BEGIN

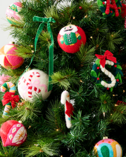 Bring festive fun to your tree with the Candy Cane Assorted Set of 4 Ornaments, featuring a jolly nutcracker, candy canes tied with a pink bow, and two colorful, classic shapes. Each handmade felt piece is full of personality and charm. Perfect for decking your tree or gifting holiday cheer!
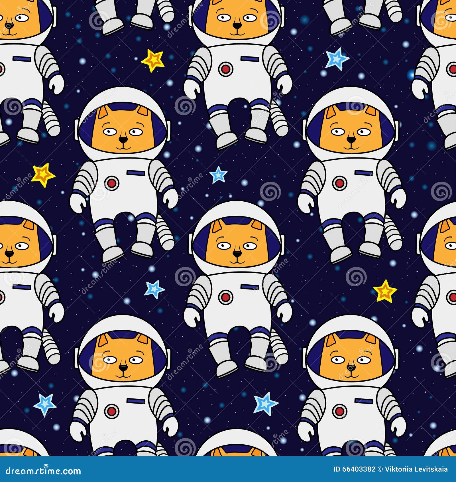 Seamless Cat Astronaut Pattern Stock Vector Illustration Of Cosmonaut Star 66403382
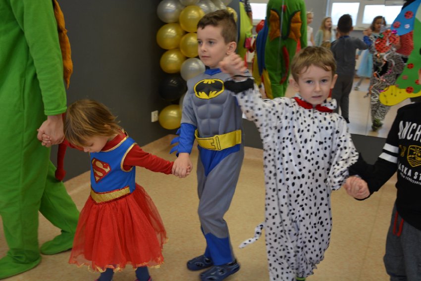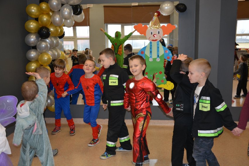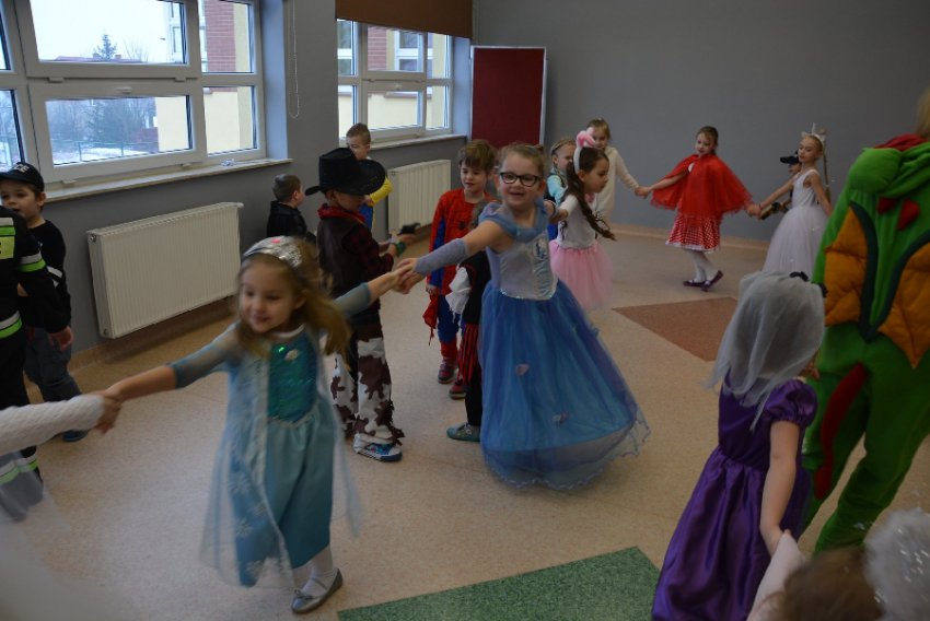 Wystrój auli przygotowany przez Panie z przedszkola, wprowadził wszystkich w radosny nastrój oraz zachęcał do wesołej zabawy. W pierwszej kolejności dzieci miały możliwość pozowania do zdjęć grupowych oraz indywidualnych. Na sali podczas pląsów robiło się kolorowo, wszyscy bawili się wesoło, uśmiech nie znikał z twarzy mimo chwilowego zmęczenia. Podczas odpoczynku uczennice z Samorządu Uczniowskiego zachęcały do śpiewania znanych piosenek, prowadziły różne zabawy i sprzedawały ciasteczka z wróżbami. Wiele śmiechu było podczas tańca z balonikiem i na gazecie. Po kilku chwilach wypoczynku, muzyka znowu porwała wszystkich do tańca. Kiedy czas zabawy dobiegł końca, dzieci z żalem opuszczały salę balową. Kolejny bal karnawałowy już za rok!

END

Reproduce only the lines from the beginning of the data through the line that contains "Seamless Cat Astronaut", both included, and please drop the pictures.

 Bring festive fun to your tree with the Candy Cane Assorted Set of 4 Ornaments, featuring a jolly nutcracker, candy canes tied with a pink bow, and two colorful, classic shapes. Each handmade felt piece is full of personality and charm. Perfect for decking your tree or gifting holiday cheer!
 Seamless Cat Astronaut Pattern Stock Vector Illustration Of Cosmonaut Star 66403382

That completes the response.